**Task material**
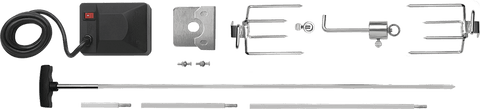 Whether you have a compact Rogue® 365, 425 or a large Rogue® 525 Series Model, this Stainless Steel, Heavy Duty, Multi-Piece Rotisserie Kit will fit your needs. Made with food grade stainless steel, the square spit rod features rod extensions to ensure that you can go the distance. The heavy-duty motor can turn up to 12 kilograms of a balanced load. The two four pronged forks will securely hold everything you could wish to spit roast and they tighten securely with easy to use thumb screws.
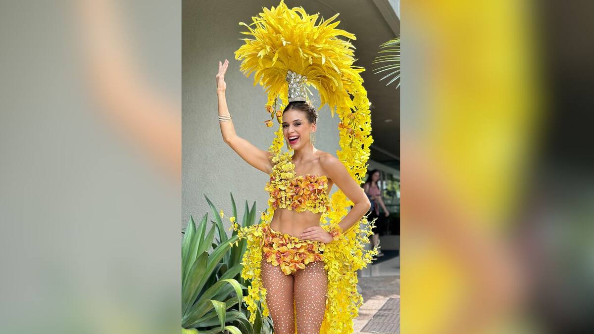 Vestida de amarillo como símbolo de belleza y esplendor, la reina del Carnaval de Barranquilla 2025, Tatiana Angulo Fernández De Castro, hará su aparición en la tarde de este sábado en Pereira en el desfile de las Fiestas de la Cosecha.
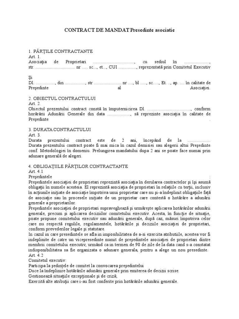 Model contract de mandat presedinte asociatie. Un membru al comisiei numarul de membrii fiind impar 3.
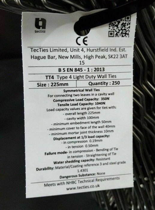 TecTies Light Duty Wall Ties 225 mm, 250 Pieces Stainless Steel TT4 Type 4 Symmetrical Wall Ties. For connecting two leaves in a cavity wall.
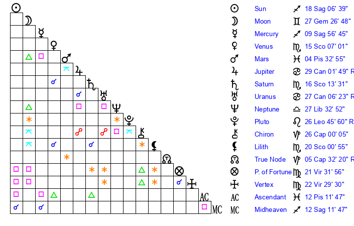 | Sun | 18 Sagittarius 6 | 18 Sagittarius 53 | 0 Pisces 16 |

**Directions**
Leaving out all pictures, set down exactly the lines of the material above, from the line with "Vestida de amarillo" to the line with "Model contract de" inclusive, and no others.

**Expected output**
 Vestida de amarillo como símbolo de belleza y esplendor, la reina del Carnaval de Barranquilla 2025, Tatiana Angulo Fernández De Castro, hará su aparición en la tarde de este sábado en Pereira en el desfile de las Fiestas de la Cosecha.
 Model contract de mandat presedinte asociatie. Un membru al comisiei numarul de membrii fiind impar 3.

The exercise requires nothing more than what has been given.